ЗК: То, которое Маршак в 1906 году перевел на русский.
АД: Да, с идиша. Дикман послал перевод в Тель-Авив, и его напечатали в газете «Давар», даже с небольшим комментарием: вот, появился в Варшаве такой молодой человек... Этот перевод произвел впечатление.
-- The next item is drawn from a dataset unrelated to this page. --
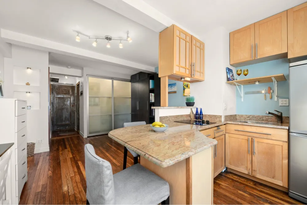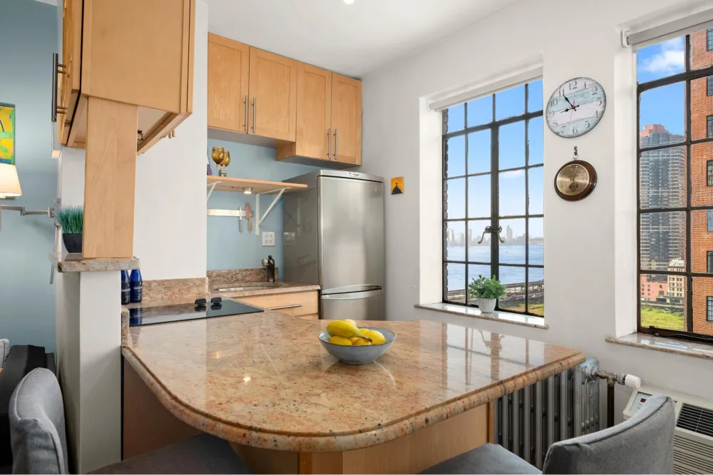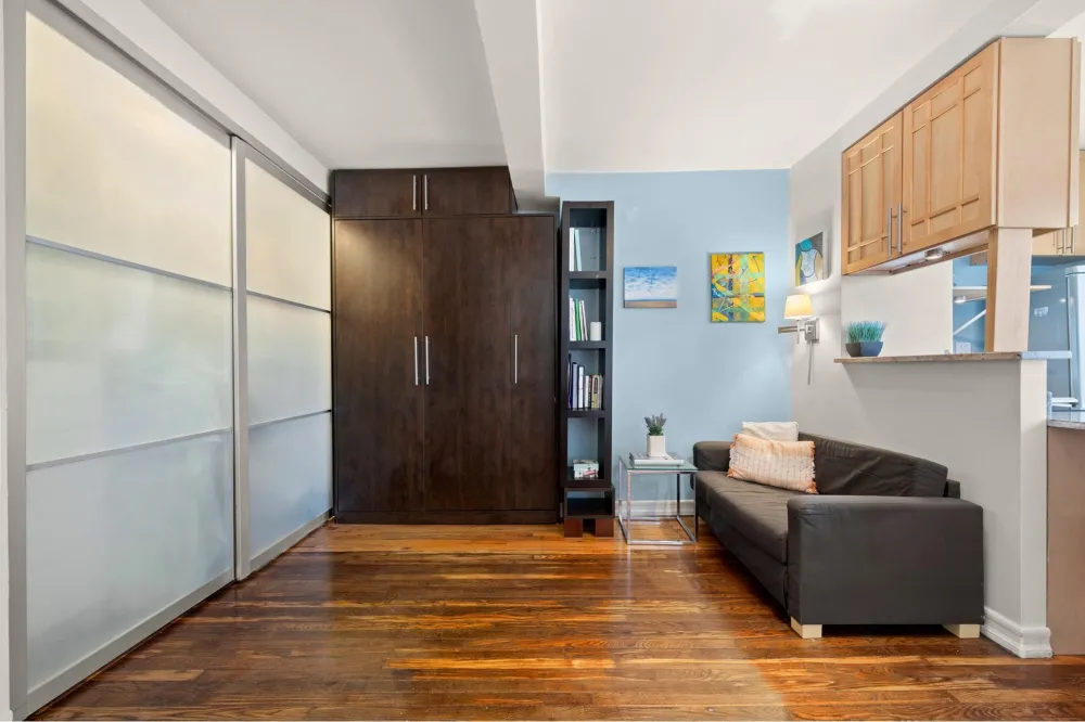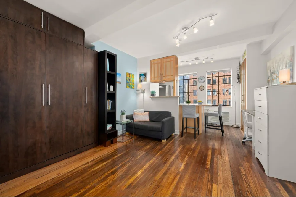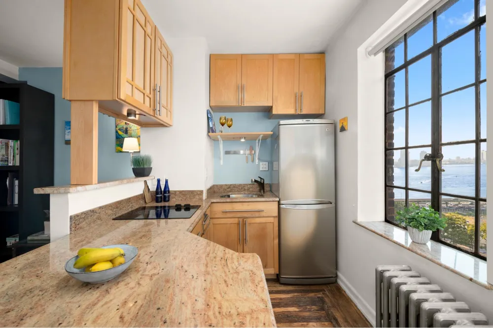 Residence 1020 is elegant, modern, and upgraded apartment with spectacular views of East River, Manhattan skyline and lush green park with beautiful landscape in front of the building.Facing South, this home has an abundance of natural sunlight.The space is immaculately designed and highly functional. There's plenty of storage with spacious closets, cabinets, shelves, and custom-built wardrobe system equipped with motion-sensor accent light that turns off automatically. Friedrich WallMaster Through-The-Wall Air Conditioner has remote control.There's perfectly set up home office to keep all documents and gadgets together for productive work. With smartly configured and easy to use queen size murphy bed, the apartment can be easily transformed from spacious living room to comfortable bedroom. The bathroom with large tasteful tiles in natural colors and glass sliding doors has stylish, spa-like ambiance.The kitchen has full size LG refrigerator, build-in electric cooktop, custom built pantry, multiple floor-to-ceiling cabinets, wine storage, a large sleek granite counter with 2 comfortable bar stools. It makes an ideal place to cook meals, entertain and enjoy your favourite drink with a spectacular view.The sun terrace in the building is not only most beautiful and largest rooftops in Midtown, but in all of New York.It offers breath-taking 360-degree panoramic views of Manhattan, East River and UN Headquarters, modern patio furniture including tables and sunbed, well maintained herbal / flower garden and even high-speed Wi-Fi connection.Prospect Towers is full service, 24-hour doorman building with elevators, laundry room, bike storage, additional storage lockers available for rent, outstanding live-in super, friendly staff, and excellent financials. It has been home to numerous celebrated residents and was featured in many films and TV shows.There's an easy access to Central Park, Chelsea, and every part of the city as the building is close to subways, busses, Grand Central Terminal, East River Ferry, and FDR. Conveniently located, it's close to top restaurants and wine bars, shops, world class hotels, Theatre District, Embassies and Art Galleries with numerous culturally exciting events, entertainment, and nightlife. There are two Whole Foods (at Bryant Park & 57th St) and Trader Joe within a short walking distance. Residents have exclusive access to Fitness Centre at 5 Tudor City Place for a small monthly fee. Maintenance includes electricity, heat, hot water, and all taxes. Apartment is in move in condition as a perfect starter home or pied-a-terre.

ЗК: А где он учился, знаешь?
АД: Он учился одновременно в двух учреждениях. В Варшавском университете был учеником знаменитейшего античника, которого знали и в России, правда, в другие времена. В Серебряном веке был такой Фаддей Зелинский, а в Польше его знали как Тадеуша Зелинского (1859–1944). И вот отец был его учеником. Одновременно он учился в Институте иудейских штудий, который, если я правильно помню, открылся примерно в 1925 году и продержался вплоть до войны. Там было два направления: раввинские штудии и психолого-педагогические. Отец учился на раввина, хотя это, конечно, не ортодоксальный раввин, и получил звание раввина, насколько я знаю. А потом пришла война, и он, как многие, оказался на советской территории, был арестован в 1941 году в городе Джамбуле, отсидел прочно пятнадцать лет...
ЗК: Как сионист?
АД: Да, он таки да. Вместе с младшим братом Арье Лейбом, который жив-здоров и сейчас в Израиле. Соломона (Шломо) сослали в Воркуту, Арье Лейбу повезло еще меньше — его сослали на Колыму. Они отсидели и вышли оттуда живыми. И там он познакомился с моей мамой, там они поженились.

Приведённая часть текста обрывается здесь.